Donald Trump has been clear that he plans to hit the ground running after his inauguration on January 20, launching ambitious plans that could have significant repercussions for global supply chains.
As Mark Baxa, CSCMP president and CEO, says in the executive forward to the white paper, the incoming Trump Administration and a majority Republican congress are “poised to reshape trade policies, regulatory frameworks, and the very fabric of how we approach global commerce.”
The paper is written by import/export expert Thomas Cook, managing director for Blue Tiger International, a U.S.-based supply chain management consulting company that focuses on international trade. Cook is the former CEO of American River International in New York and Apex Global Logistics Supply Chain Operation in Los Angeles and has written 19 books on global trade.
In the paper, Cook, of course, takes a close look at tariff implications and new trade deals, emphasizing that Trump will seek revisions that will favor U.S. businesses and encourage manufacturing to return to the U.S. The paper, however, also looks beyond global trade to addresses topics such as Trump’s tougher stance on immigration and the possibility of mass deportations, greater support of Israel in the Middle East, proposals for increased energy production and mining, and intent to end the war in the Ukraine.
In general, Cook believes that many of the administration’s new policies will be beneficial to the overall economy. He does warn, however, that some policies will be disruptive and add risk and cost to global supply chains.
In light of those risks and possible disruptions, Cook’s paper offers 14 recommendations.

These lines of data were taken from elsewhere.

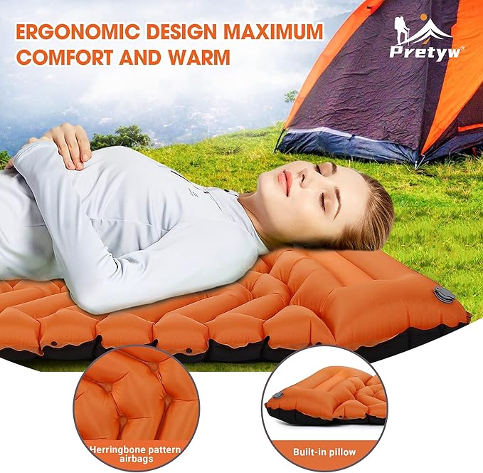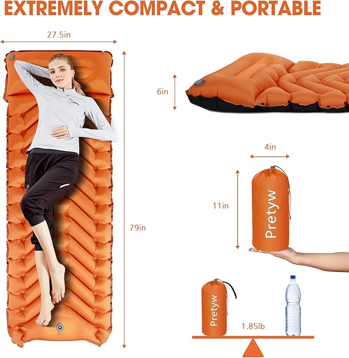 - 【Upgraded Support & 4" Thick Sleep Support】Crafted with the toughest outdoor-grade material, Pretyw sleeping pad for camping is ideal for any weather. Measuring 79 x 27.5 x 4 inches, our self-inflating air mattress is long enough for taller individuals. The 4-inch thickness and upgraded support make it perfect for side sleepers, and the built-in pillow adds extra comfort and convenience. This setup ensures a restful sleep during extended outdoor excursions.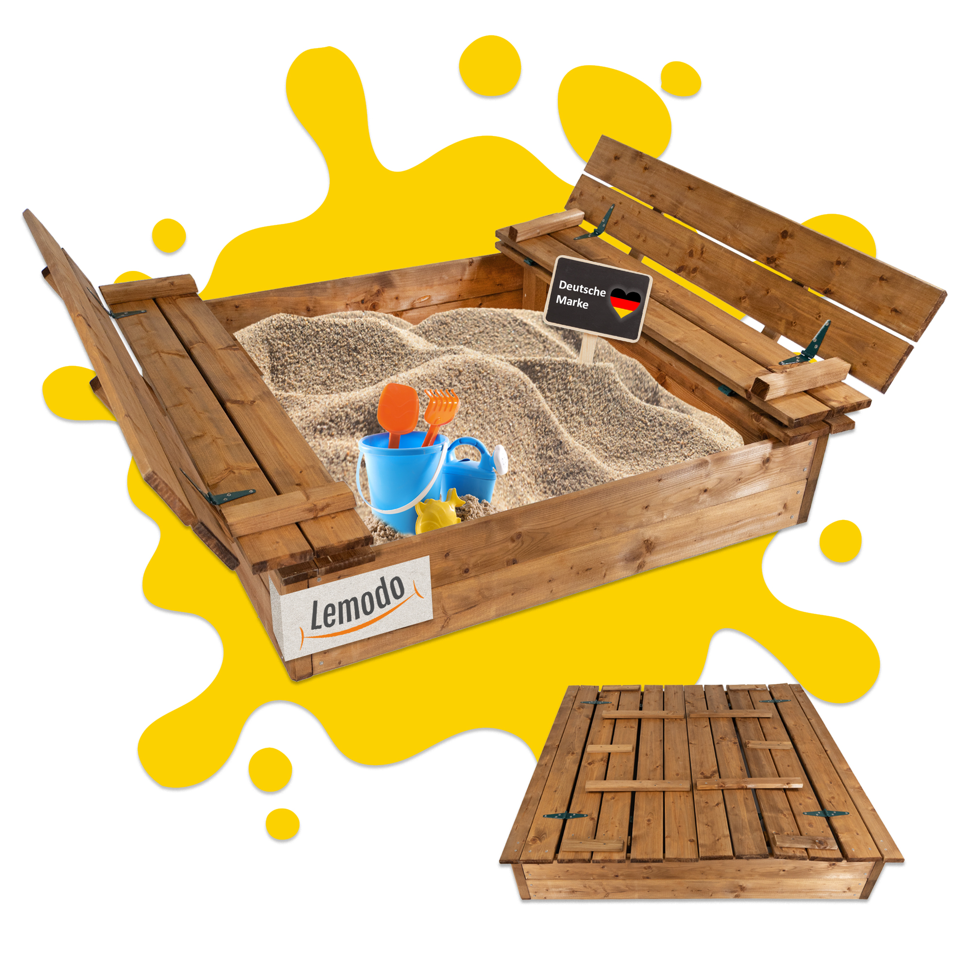 Sandkasten Holz 115x114cm mit Abdeckung und Sitzbänken, braun imprägniert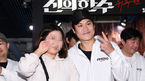 [OSEN=이대선 기자] 9일 오후 서울 성동구 CGV 왕십리 영화 ‘신의 한 수: 귀수편’ (감독 리건) 무대인사가 진행됐다.배우 원현준이 관객과 알까기를 하고 있다. /sunday@osen.co.kr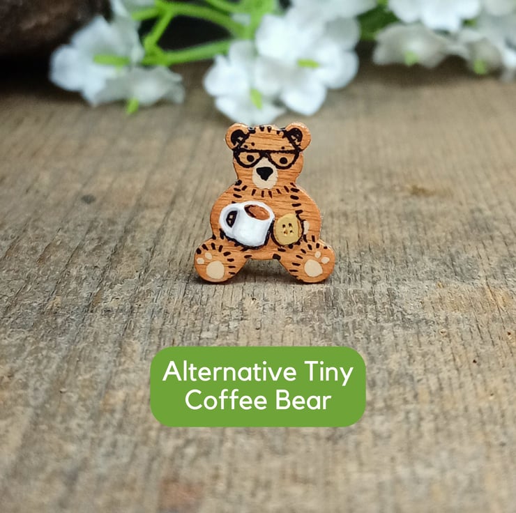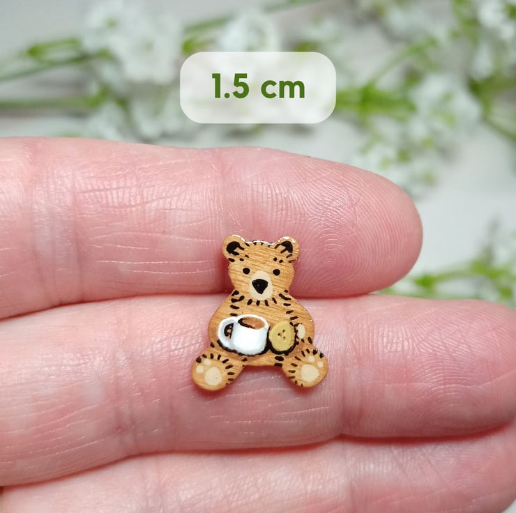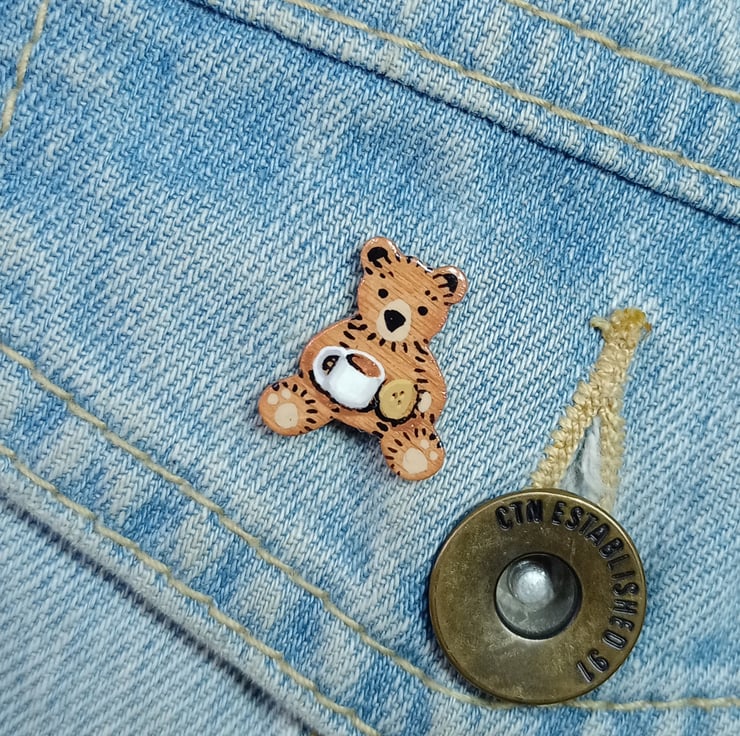 Handmade Tiny Coffee Teddy Bear Pin, Wooden Bear Badge, Coffee Lover Gift, Cute Collectable
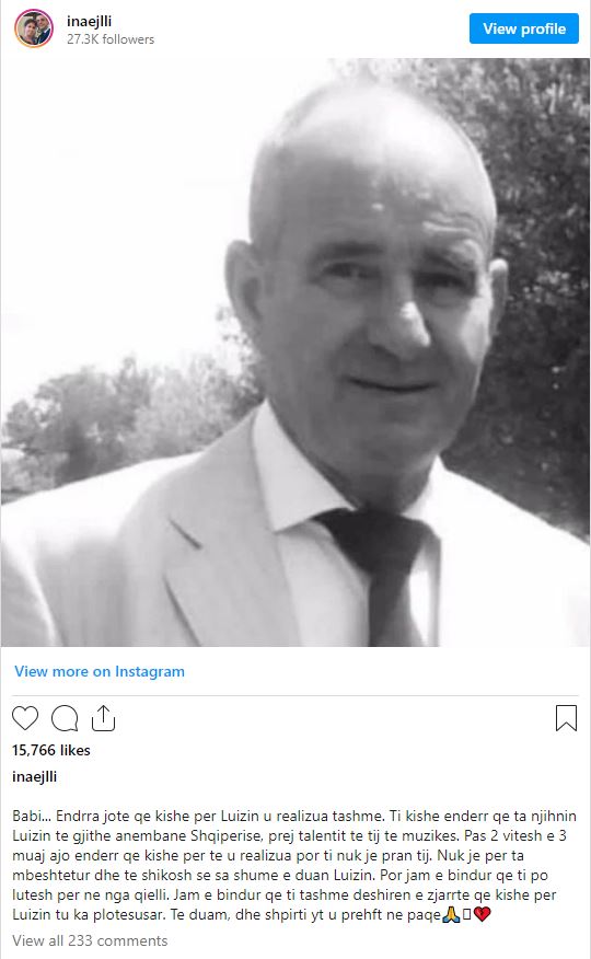 Një postim të bërë në profilin e tij në Instagram, motra e Luizit ka shkruar se ëndrra e babit të tyre edhe pse nuk jeton është realizuar sepse gjithmonë ka dashur që djali i tij të jetë një ditë i njohur për talentin e tij në muzikë.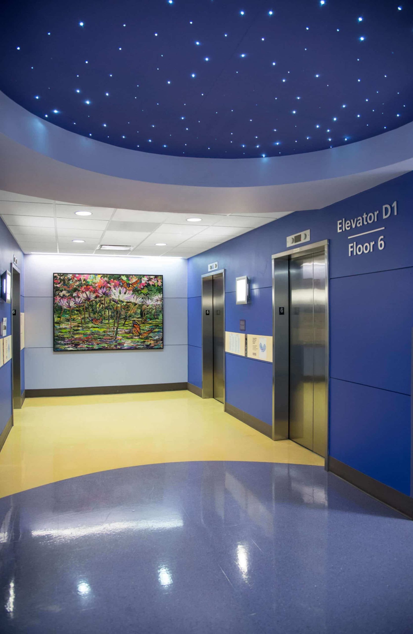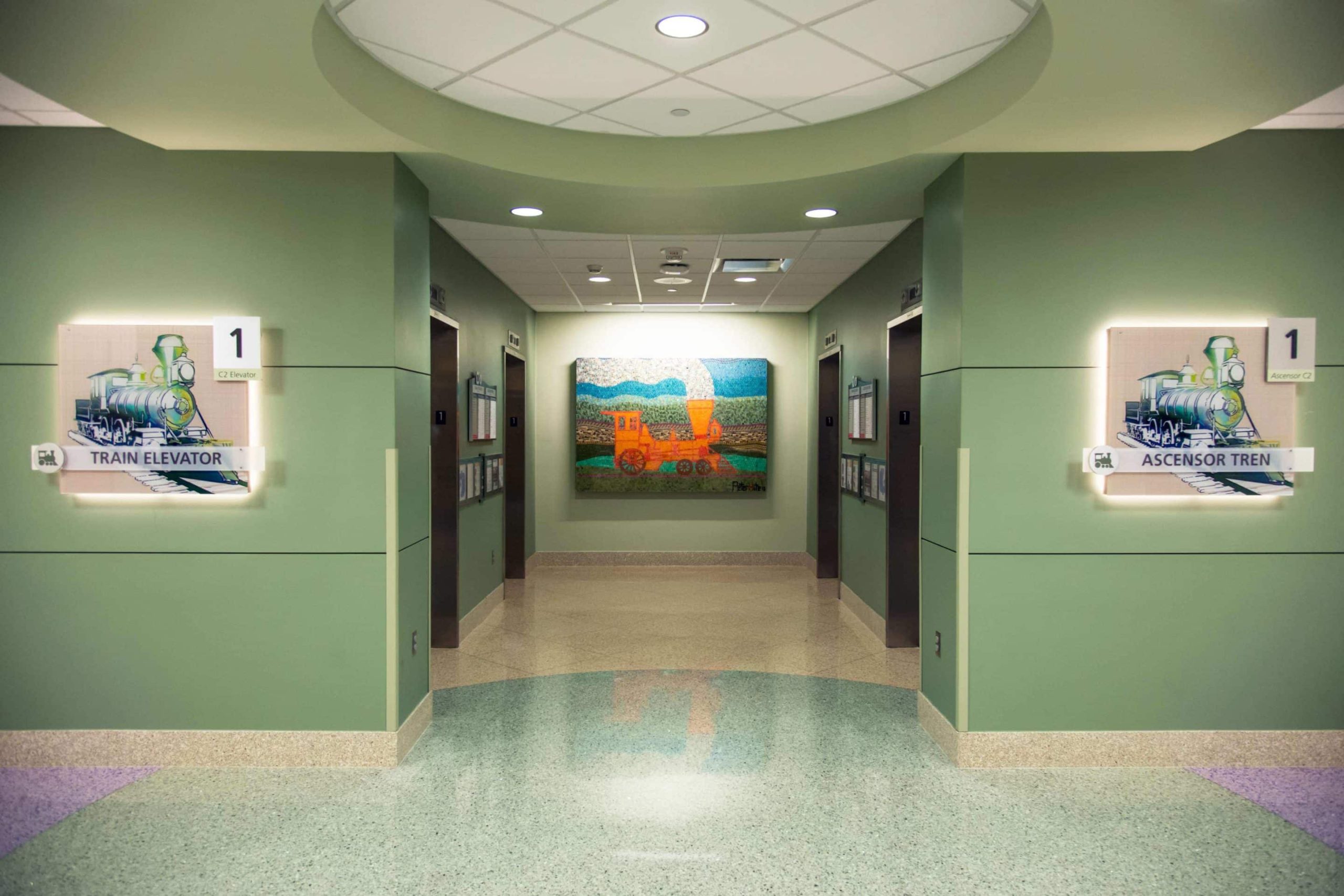 The goal of the new wayfinding directive was for elevator signage and artwork design to assist with wayfinding for pediatric hospital and accompanying buildings. Implementing designs that are helpful for first-time visitors while also engaging for those visiting frequently and/or for length stays was important for patient and family well-being. Concepts required collaborative efforts among WHR Architects, Babendure Design Group, Skyline Art and Children’s Health.

Some of which include:
Create a team responsible for studying the changes Trump will introduce when he takes office;
Attend trade shows and make connections with vendors, suppliers, and service providers who can help you navigate those changes;
Consider becoming C-TPAT (Customs-Trade Partnership Against Terrorism) certified to help mitigate potential import/export issues;
Adopt a risk management mindset and shift from focusing on lowest cost to best value for your spend;
Increase collaboration with internal and external partners;
Expect warehousing costs to rise in the short term as companies look to bring in foreign-made goods ahead of tariffs;
Expect greater scrutiny from U.S. Customs and Border Patrol of origin statements for imports in recognition of attempts by some Chinese manufacturers to evade U.S. import policies;
Reduce dependency on China for sourcing; and
Consider manufacturing and/or sourcing in the United States.
Cook advises readers to expect a loosening up of regulations and a reduction in government under Trump. He warns that while some world leaders will look to work with Trump, others will take more of a defiant stance. As a result, companies should expect to see retaliatory tariffs and duties on exports.
Cook concludes by offering advice to the incoming administration, including being sensitive to the effect retaliatory tariffs can have on American exports, working on federal debt reduction, and considering promoting free trade zones. He also proposes an ambitious water works program through the Army Corps of Engineers.